Although the present inven~ion has been described herein, with reference to an exemplary embodiment it will be understood that other configurations will be comtemplated which nevertheless do not depart from the spirit and scope of the present invention. Consequently, the present invention is is deemed limited only by the appended claims and the reasonable interpretation thereof.

Claims (28)

THE EMBODIMENTS OF THE INVENTION IN WHICH AN EXCLUSIVE
PROPERTY OR PRIVILEGE IS CLAIMED ARE DEFINED AS FOLLOWS:
1. An apparatus for speech recognition, said apparatus comprising:
an utterance template having a plurality of positions, each position having a binary value stored therein, each said binary value in each said position representing a spectral feature of speech to be recognized;
a plurality of reference templates, each having a plurality of positions, each of said positions of each said reference template representing a spectral feature corresponding to the spectral features represented by said plurality of positions of said utterance template, each said position in each said reference template having a value stored therein, said stored value being representative of a probability of a particular binary value occurring in said corresponding position of said utterance template; and means for establishing a first score for each said reference template, each said score being indicative of a relative match between that said reference template and said utterance template, said first score establishing means includes means for providing outputs from said reference template, each said output corresponding to one of said plurality of positions of said reference template and having a value determined from said stored value therein, means for selecting outputs of the reference templates corresponding to positions of the utterance template having the particular binary value stored therein and means for summing said selected outputs, whereby the sum is indicative of said relative match, and said speech represented by said utterance template can be recognized.

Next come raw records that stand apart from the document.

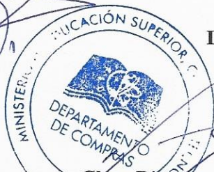
Clara Rivero Encargada de Compras y Contrataciones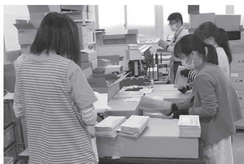
専用スペースで封筒の仕分け作業を行なう

バブル崩壊後は、道内の広告代理店が次々と姿を消し、同社も影響を受けたが社員一丸となつて何とか乗り切った。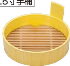
6.5寸手桶 白木塗 ㉔ M-35-8 A 本体 ¥2,400 (19.5φ×9.7) 欄60 ㉕ 1-706-1A AP スノ子17.5φ ¥650 (17.5φ) 欄200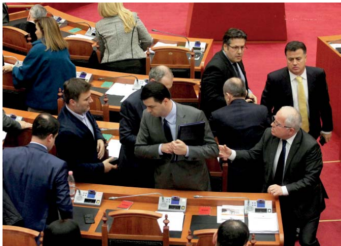
(Në foto) Kryetari i PD, Lulzim Basha dhe deputetët e PD duke u larguar nga seanca e djeshme parlamentare

Rama bëhet ministër i Jashtëm me 78 vota: Sa të ketë PS, s'vini në pushtet. Basha: Je bërë si Enveri, ministrat kukulla. Gjykata e Tiranës dënon kreun e PD për shpifje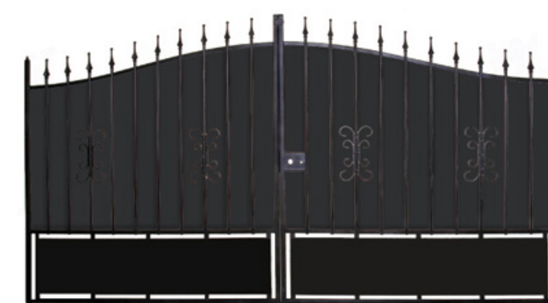
Option tôle de fond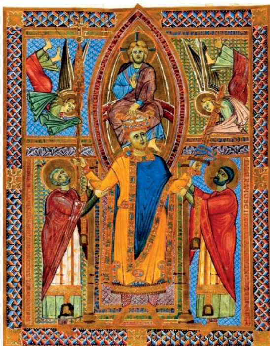
6. Chrystus koronujący Henryka II, 11r, Sakramentarz Henryka II, 1002-14 (Monachium Bayerische Staatsbibliothek, Clm. 4456)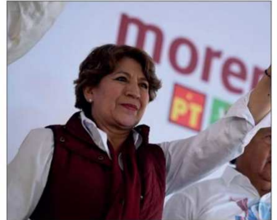
▲ Delfina Gómez Álvarez tomará protesta como Gobernadora Constitucional el 15 de septiembre. Foto especial

EN POCO MENOS de mes y medio, la dinámica política del Estado de México se transformará significativamente. Este cambio, marcado por la llegada de una nueva gobernadora, simboliza un paso adelante hacia una renovación política en el estado. La esperanza recae en que esta transición se traduzca en un gobierno más comprometido, transparente y al servicio del pueblo.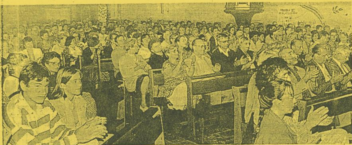
Un public très nombreux pour ce concert de prestige et d'anniversaire

La famille des Petits Chanteurs d'Andiran a vécu un de ses grands moments mercredi soir, en l'église Saint-Nicolas de Nérac, entre musique et émotionnel.

2. Apparatus as claimed in Claim 1, further comprising:
a bias template, said bias template having a plurality of positions corresponding to said plurality of positions of said utterance template, each said position of said bias template having a value stored therein, said stored value being representative of the probability of a particular binary value occurring in said corresponding position of any utterance template; and means for establishing a second score by adding the values stored in the positions of the bias template corresponding to positions of the utterance template having the particular binary value stored therein, said second score being indicative of a relative match between said bias template and said utterance template.
3. Apparatus as claimed in Claim 2, wherein said second score establishing means includes:
means for providing outputs from said bias template, each said output corresponding to one of said plurality of positions of said bias template and having a value determined from said stored value therein; and means for summing outputs of the bias template corresponding to positions of the utterance template having the particular binary value stored therein, whereby the sum is indicative of said relative match between said bias template and said utterance template.

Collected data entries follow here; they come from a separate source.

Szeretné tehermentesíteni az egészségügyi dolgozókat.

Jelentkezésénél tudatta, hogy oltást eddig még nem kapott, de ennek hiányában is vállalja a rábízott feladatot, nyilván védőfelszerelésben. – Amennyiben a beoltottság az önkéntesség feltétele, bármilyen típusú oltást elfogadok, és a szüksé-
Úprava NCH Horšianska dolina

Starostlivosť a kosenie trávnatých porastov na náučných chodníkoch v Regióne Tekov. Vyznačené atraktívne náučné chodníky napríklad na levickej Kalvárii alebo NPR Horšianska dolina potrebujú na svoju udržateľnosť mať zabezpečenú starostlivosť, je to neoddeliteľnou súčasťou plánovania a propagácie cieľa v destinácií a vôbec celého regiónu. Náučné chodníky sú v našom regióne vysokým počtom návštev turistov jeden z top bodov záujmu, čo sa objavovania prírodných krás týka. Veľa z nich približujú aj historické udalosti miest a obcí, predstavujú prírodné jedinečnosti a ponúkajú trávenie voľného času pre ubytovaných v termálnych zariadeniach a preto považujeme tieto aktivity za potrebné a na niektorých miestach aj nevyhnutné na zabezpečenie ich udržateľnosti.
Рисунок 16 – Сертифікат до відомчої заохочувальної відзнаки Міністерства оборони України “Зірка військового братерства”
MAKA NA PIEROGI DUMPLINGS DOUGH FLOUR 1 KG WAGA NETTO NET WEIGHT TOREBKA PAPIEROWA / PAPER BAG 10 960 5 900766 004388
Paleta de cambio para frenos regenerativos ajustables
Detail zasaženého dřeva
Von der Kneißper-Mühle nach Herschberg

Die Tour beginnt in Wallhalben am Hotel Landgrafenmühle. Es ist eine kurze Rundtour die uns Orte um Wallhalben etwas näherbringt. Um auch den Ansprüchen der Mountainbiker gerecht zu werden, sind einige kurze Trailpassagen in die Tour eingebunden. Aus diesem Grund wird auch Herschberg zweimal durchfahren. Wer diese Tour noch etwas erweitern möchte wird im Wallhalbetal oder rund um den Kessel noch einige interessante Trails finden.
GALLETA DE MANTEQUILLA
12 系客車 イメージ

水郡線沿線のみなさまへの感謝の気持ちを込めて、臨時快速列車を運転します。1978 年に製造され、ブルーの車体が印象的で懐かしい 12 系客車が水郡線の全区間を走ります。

4. Apparatus as claimed in Claim 3, further comprising:
means for expanding each said reference template into a first expanded reference template and a second expanded reference template, the values of said first expanded reference template representing the probability of a binary one occurring in the corresponding position of said utterance template and the values of said second expanded reference template representing the probability of a binary zero occurring at said corresponding position of said utterance template; and means for expanding said bias template into a first expanded bias template and a second expanded bias template, the values of said first expanded bias template representing the probability of a binary one occurring in the corresponding position of any said utterance template and the values of said second expanded bias template representing the probability of a binary zero occurring at said corresponding position of any said utterance template.
5. Apparatus as claimed in Claim 4 wherein said first score establishing means includes:
means for selecting for each position of the expanded reference templates either the output from said first expanded reference template if the corresponding position in the utterance template contains a binary one or the output from said second expanded reference template if the corresponding position in the utterance template contains a binary zero for scoring each reference template.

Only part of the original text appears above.